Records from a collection
-------
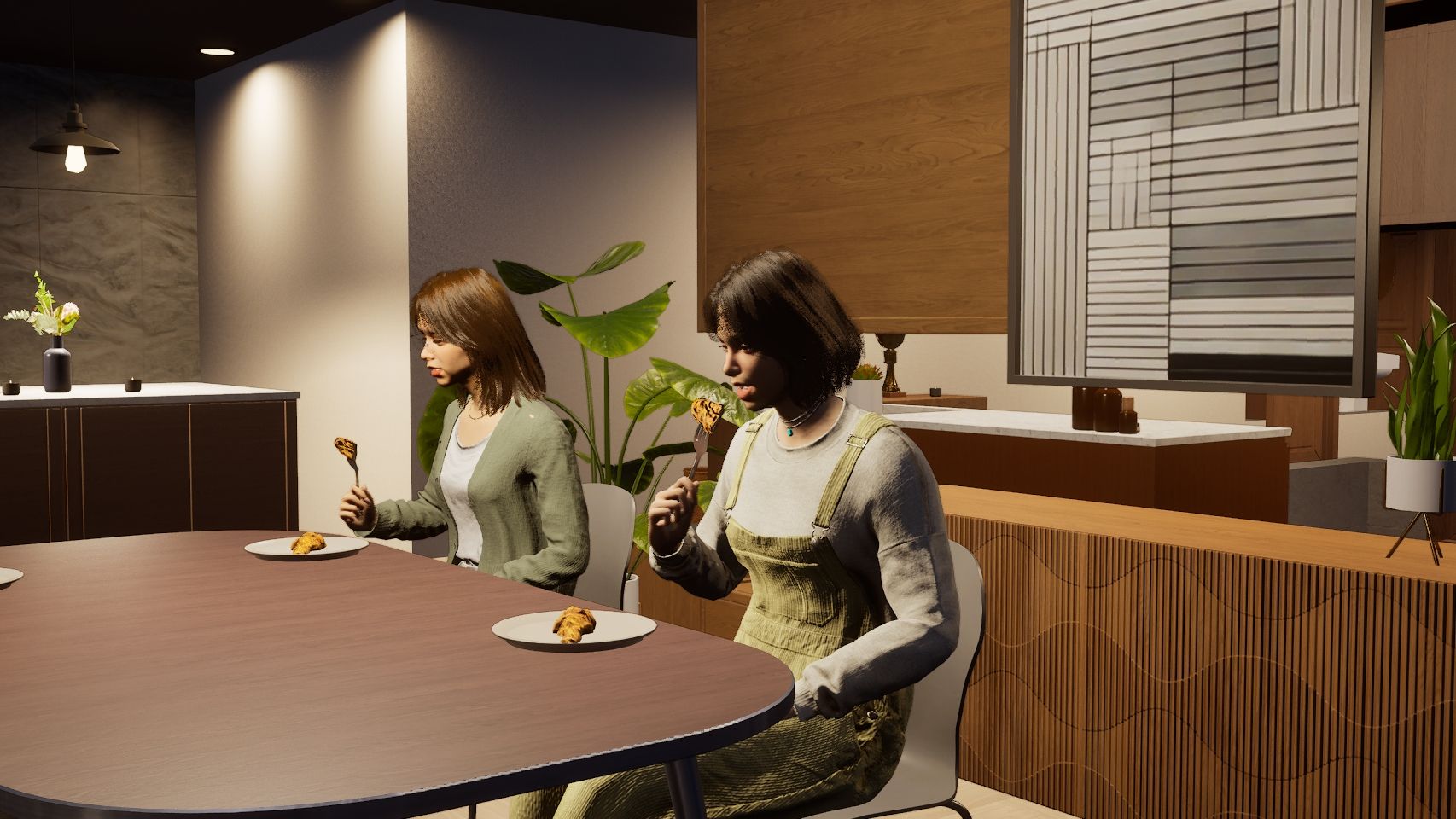 Do bardziej kosmetycznych opcji dodatkowych z użyciem AI możemy zaliczyć kreator wzorów ubrań oraz mebli, drukarkę 3D generującą obiekty w grze na podstawie zdjęć (tym naprawdę sporo się pobawiłam), śledzenie naszej twarzy przy pomocy telefonu, do nagrywania filmików z odpowiadającymi naszym ruchami warg czy zdjęć ze specyficznymi minami. Wszystkie te zastosowania sztucznej inteligencji mają jednak miejsce, gdy czas w naszej rozgrywce jest zatrzymany, a jakość naszego sprzętu wpływa głównie na czas oczekiwania na gotowe projekty. Technologiczne grono takich dodatków ma zostać w przyszłości poszerzone, jednak już teraz traktowałam je jako naprawdę miłe urozmaicenie.
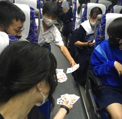 3組バス、ポーカーで盛り上がる生徒たちに、「1回だけ」と言って担任の先生も参戦。
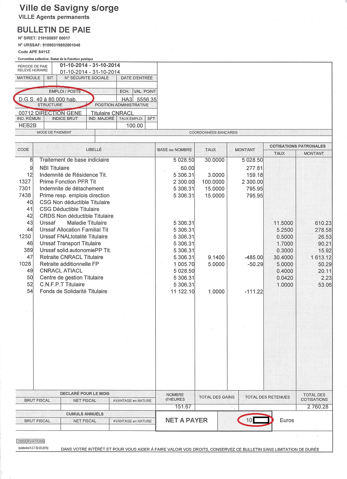 Au secours, cabinet SEBAN à 150 € de l’heure payés par l’argent des Saviniens, Olivier VAGNEUX publie les feuilles de paie des agents communaux (de la plupart desquelles l’administration de Savigny a légalement enlevé les primes parce qu’il faudrait pas qu’on puisse croire que les responsables sont trop payés). Qu’est-ce qu’on peut faire ? Rien parce que la Loi autorise effectivement à publier ces bulletins (argent public !!!).
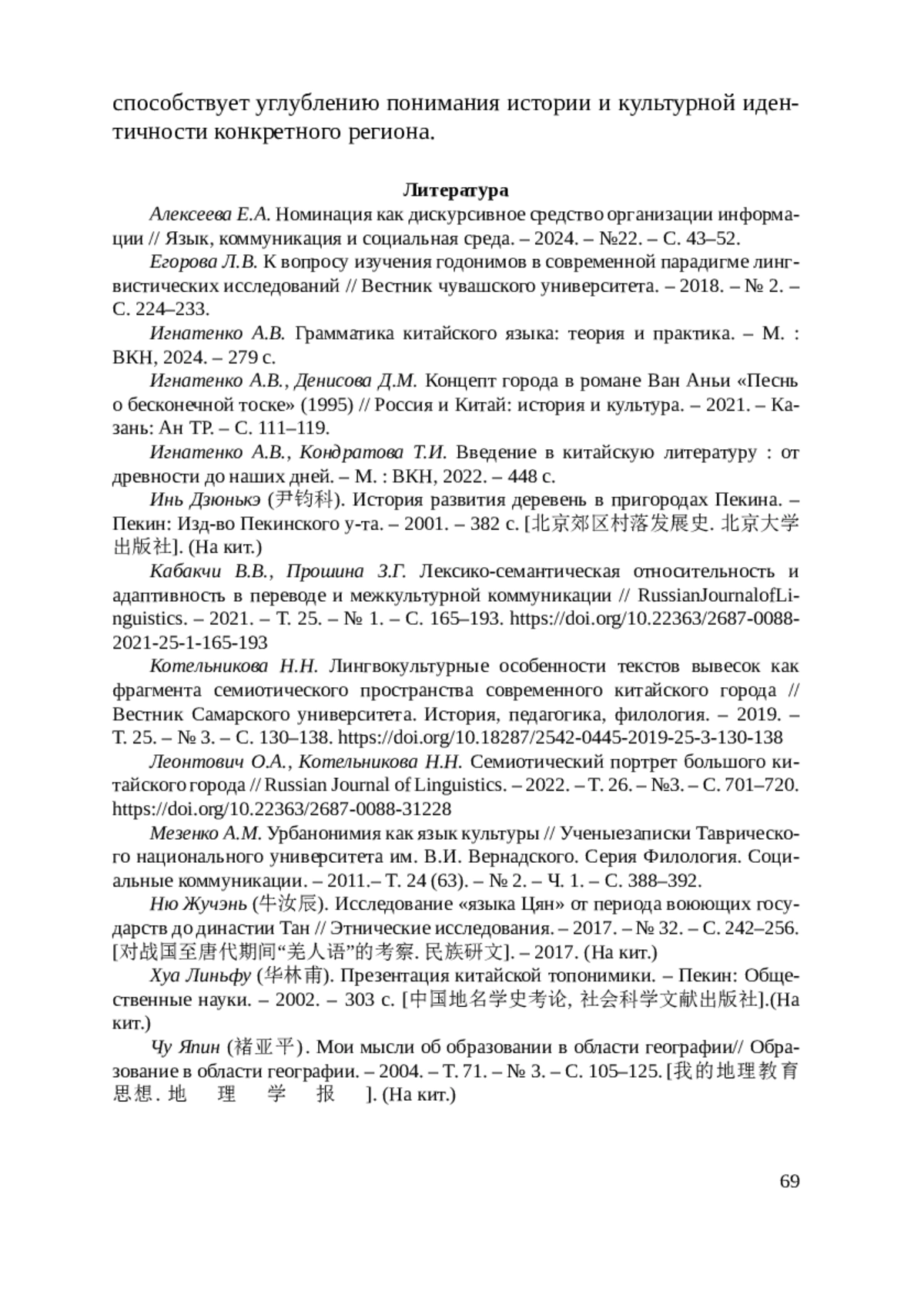 9. Леонтович О.А., Котельникова Н.Н. Семиотический портрет большого китайского города // Russian Journal of Linguistics. - 2022. - Т. 26. - №3. - C. 701-720. DOI: 10.22363/2687-0088-31228 EDN: HMPVSC
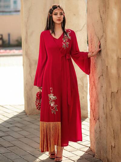 Women's Flared Sleeve Embroidered Fringed Evening Arabian Dress-60%
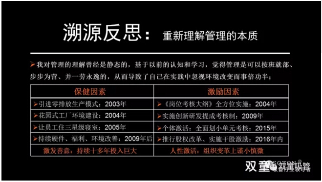 樓仲平分享道(dào):“我對(duì)管理(lǐ)的理解曾經是靜態(tài)的,基於(yú)以前的認知和學習,覺得管理是可以按(àn)部就(jiù)班、步步為營、並一勞永(yǒng)逸的,從而導致了自(zì)己在實踐中忽(hū)視環境改變而事倍(bèi)功(gōng)半。”現在,樓仲平也一直在反思,重新理解管(guǎn)理的本質!
-------
* PROBLEM DESCRIPTION
The reply should hold the lines from the top of the records through the line containing "3組バス、ポーカーで盛り上が", reproduced exactly, and no pictures.

* RESPONSE
 Do bardziej kosmetycznych opcji dodatkowych z użyciem AI możemy zaliczyć kreator wzorów ubrań oraz mebli, drukarkę 3D generującą obiekty w grze na podstawie zdjęć (tym naprawdę sporo się pobawiłam), śledzenie naszej twarzy przy pomocy telefonu, do nagrywania filmików z odpowiadającymi naszym ruchami warg czy zdjęć ze specyficznymi minami. Wszystkie te zastosowania sztucznej inteligencji mają jednak miejsce, gdy czas w naszej rozgrywce jest zatrzymany, a jakość naszego sprzętu wpływa głównie na czas oczekiwania na gotowe projekty. Technologiczne grono takich dodatków ma zostać w przyszłości poszerzone, jednak już teraz traktowałam je jako naprawdę miłe urozmaicenie.
 3組バス、ポーカーで盛り上がる生徒たちに、「1回だけ」と言って担任の先生も参戦。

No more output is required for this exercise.